Top of Supplied entries
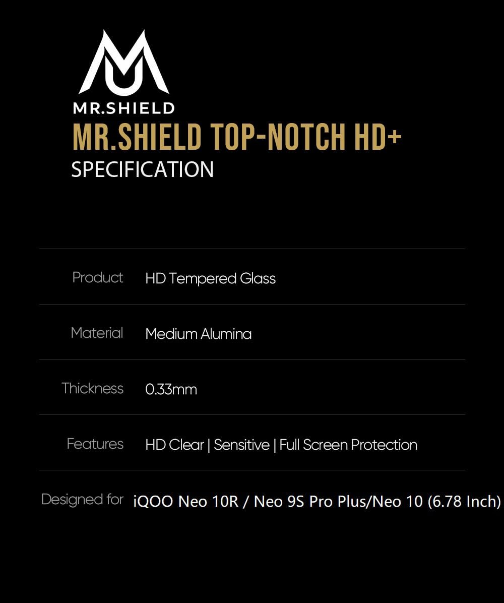 Mr.Shield Top-Notch HD+ Tempered Glass Screen Protector Guard for iQOO Neo 10R / Neo 9S Pro Plus / Neo 10 (6.78 Inch), 9H Hardness, Military Grade Protection, Easy Installation kit
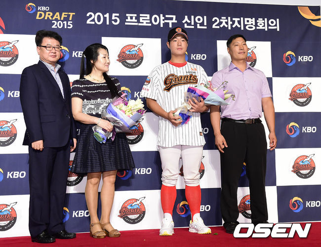 부경고 강동관이 롯데자이언츠 1차지명 선수로 선정되어 가족,단장과 함께 포토타임을 갖고 있다.
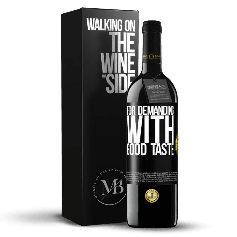 瓶子里的消息. 带有个性化标签的酒瓶. 信息: "要求高,味道好". 黑标. 可自定义的标签. |
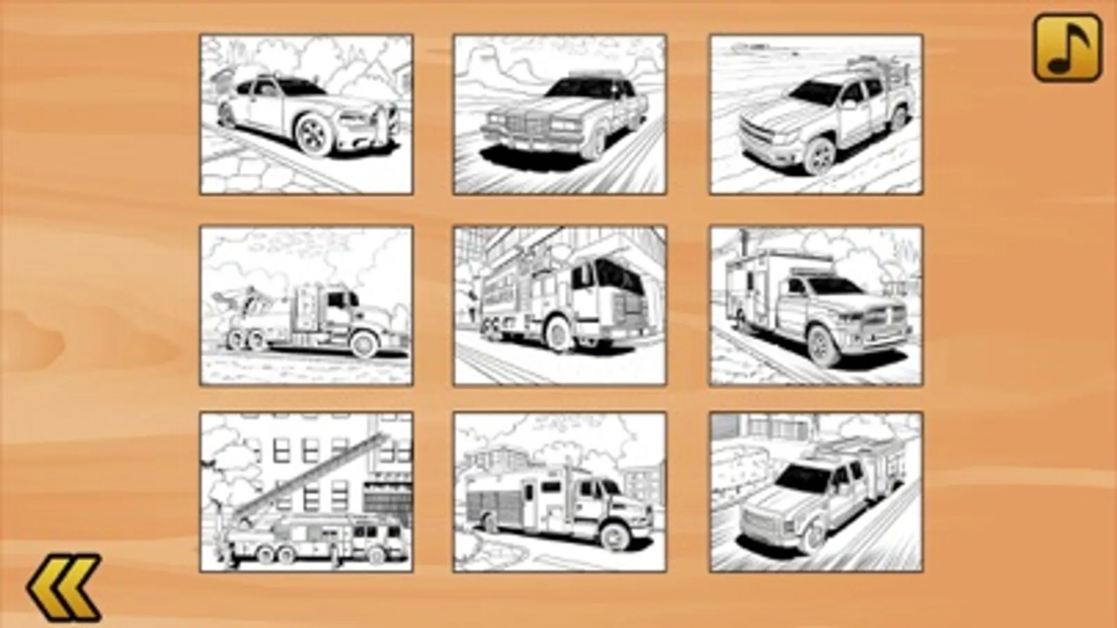 This app contains 10 high detailed vehicles with interactive functions to play with:
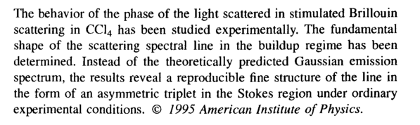 The behavior of the phase of the light scattered in stimulated Brillouin scattering in CC14 has been studied experimentally. The fundamental shape of the scattering spectral line in the buildup regime has been determined. Instead of the theoretically predicted Gaussian emission spectrum, the results reveal a reproducible fine structure of the line in the form of an asymmetric triplet in the Stokes region under ordinary experimental conditions. © 1995 American Institute of Physics.
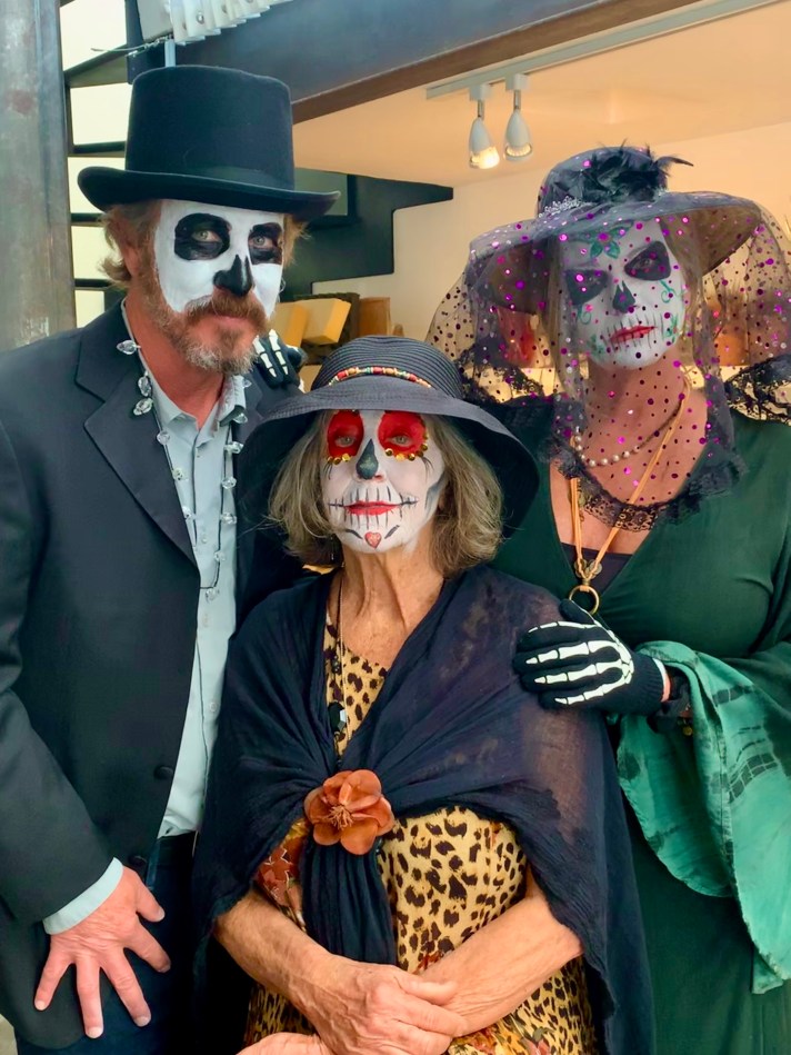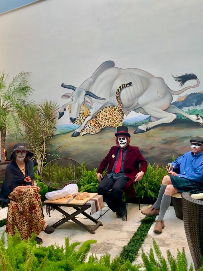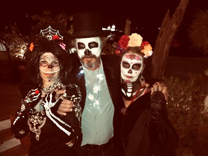 But if you’re lucky like Mrs. Jones and you pull a few strings, you can be painted in the home of a famous artist with badass musicians, and The Who’s who of the San Miguel expat community! These people are cool and accomplished and well educated and mostly way too much fun… Mrs. Jones has met her match? Here’s the professional artist advising the hombres as to the method of following the face structure… dedicated to achieving an anatomically perfect face paint! Huh? Pass the Don Julio 1970 and hand me a ninety dollar paint brush would ya?
Bottom of Supplied entries
All that is needed is the exact run of lines from the start of the material above through the one containing "This app contains", pictures left out.

◆ Solution for this task ◆
 Mr.Shield Top-Notch HD+ Tempered Glass Screen Protector Guard for iQOO Neo 10R / Neo 9S Pro Plus / Neo 10 (6.78 Inch), 9H Hardness, Military Grade Protection, Easy Installation kit
 부경고 강동관이 롯데자이언츠 1차지명 선수로 선정되어 가족,단장과 함께 포토타임을 갖고 있다.
 瓶子里的消息. 带有个性化标签的酒瓶. 信息: "要求高,味道好". 黑标. 可自定义的标签. |
 This app contains 10 high detailed vehicles with interactive functions to play with:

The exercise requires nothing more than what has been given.